Setting `pad_token_id` to `eos_token_id`:50256 for open-end generation.


[{'generated_text': 'This course will teach you many more ways to use JavaScript code than just learning to program.\n\nCourse objectives\n\nCreate an application for PHP, jQuery and jQuery 2 or older. Create an Excel spreadsheet. Send all of your data into, say'}]

In [19]:
generator = pipeline("text-generation", model="distilgpt2")
generator(
    "This course will teach you",
    max_length=30,
    num_return_sequences=2,
)

Setting `pad_token_id` to `eos_token_id`:50256 for open-end generation.

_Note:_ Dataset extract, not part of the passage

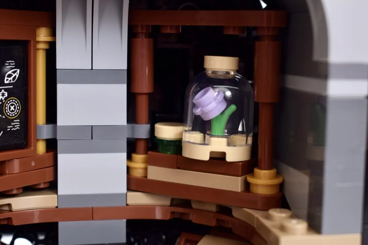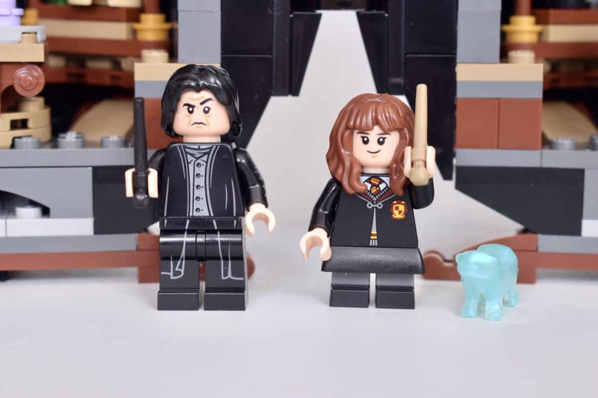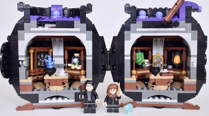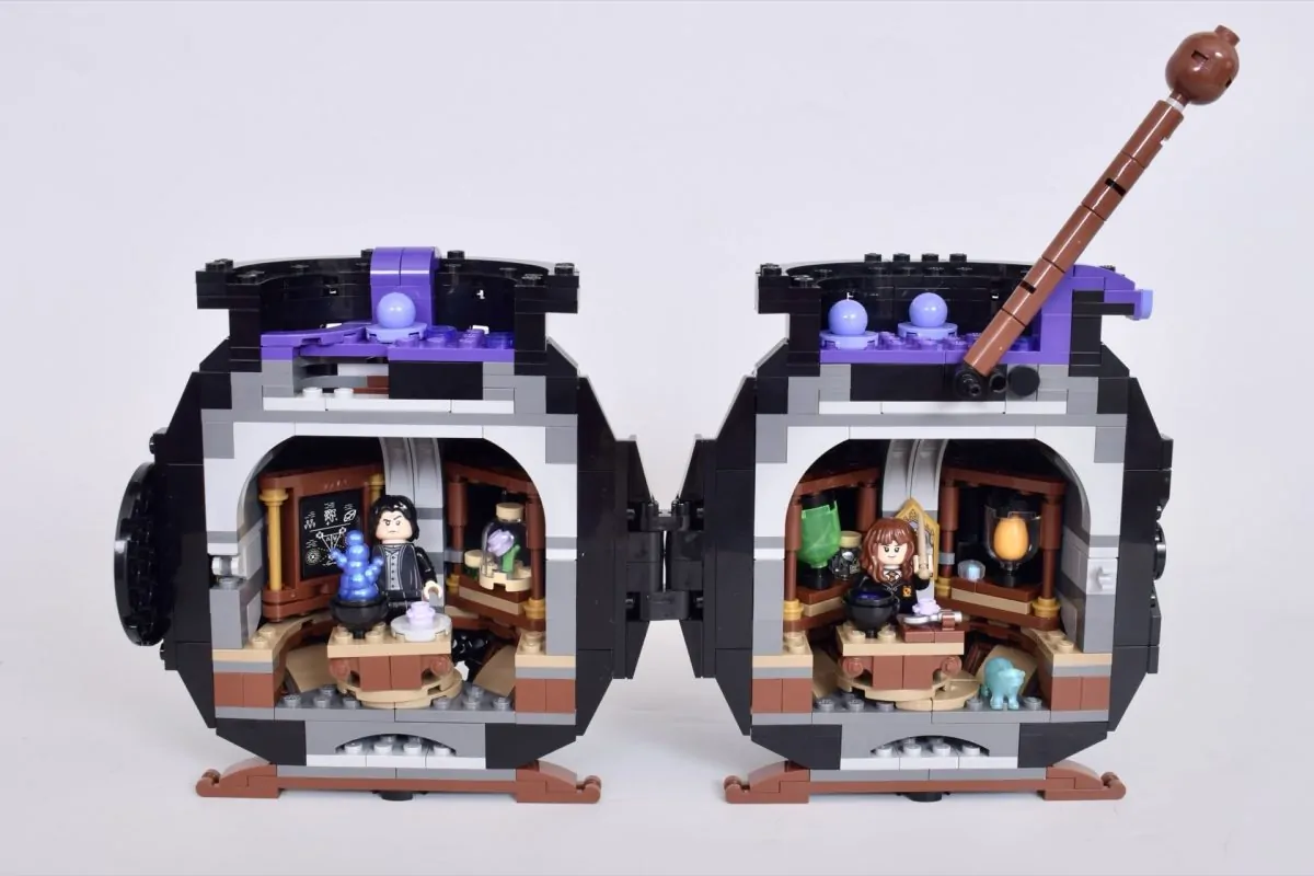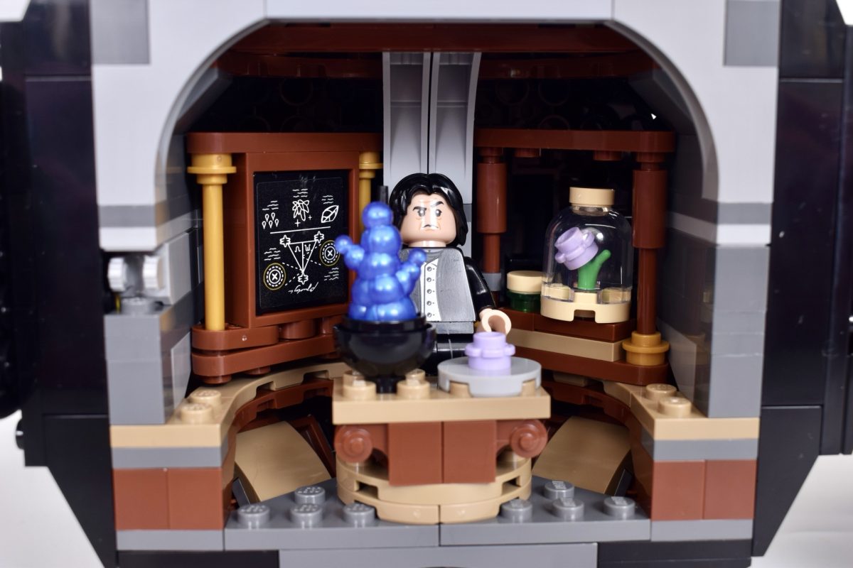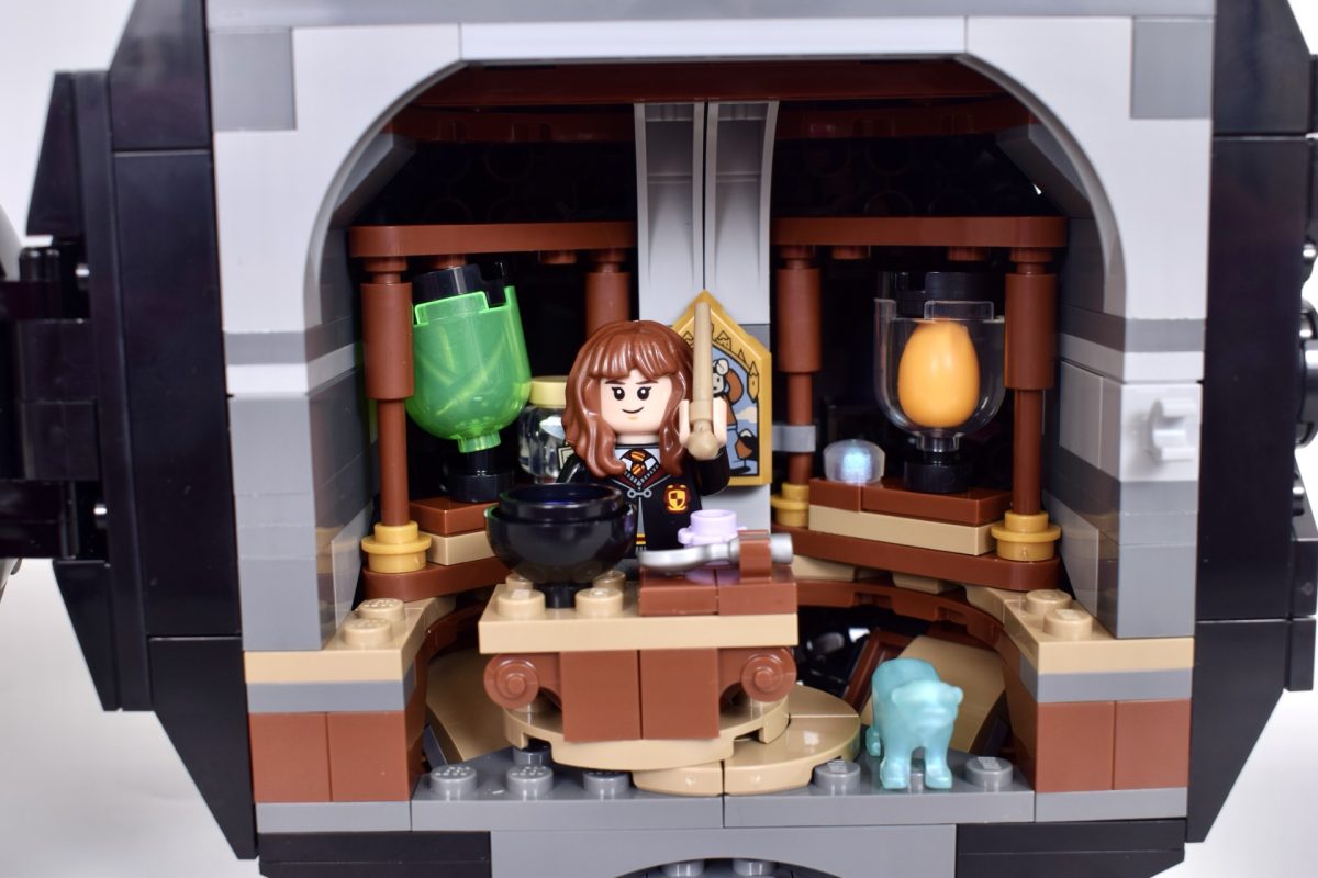 Nach dem Öffnen findet man auf Snapes und Hermines Seite des Klassenzimmers jeweils einige lustige Miniaturversionen verschiedener magischer Zutaten und Kreaturen. Allerdings wirkt der Innenraum eher eng als handlich, und es ist gar nicht so einfach, eine Minifigur hineinzusetzen, ohne versehentlich etwas vom Tisch zu stoßen.

[{'generated_text': 'This course will teach you how to get started with the development and development of an app and to see how to get started with your project quickly. You'},
 {'generated_text': 'This course will teach you how to use the right software for your project design:\n\n\n\n\n\n\n\n\n\n\n\n\n\n'}]

In [20]:
### Example 4 - [Name Entity Recognition (NER)]

In [22]:
ner = pipeline("ner", model="dbmdz/bert-large-cased-finetuned-conll03-english", grouped_entities=True)
ner("My name is Roberta and I work with IBM Skills Network in Toronto")

[{'entity_group': 'PER',
  'score': 0.9993105,
  'word': 'Roberta',
  'start': 11,
  'end': 18},
 {'entity_group': 'ORG',
  'score': 0.9976597,
  'word': 'IBM Skills Network',
  'start': 35,
  'end': 53},
 {'entity_group': 'LOC',
  'score': 0.99702173,
  'word': 'Toronto',
  'start': 57,
  'end': 64}]

In [23]:
del ner

In [24]:
qa_model = pipeline("question-answering", model="distilbert-base-cased-distilled-squad")
question = "Which name is also used to describe the Amazon rainforest in English?"
context = "The Amazon rainforest, also known in English as Amazonia or the Amazon Jungle."
qa_model(question = question, context = context)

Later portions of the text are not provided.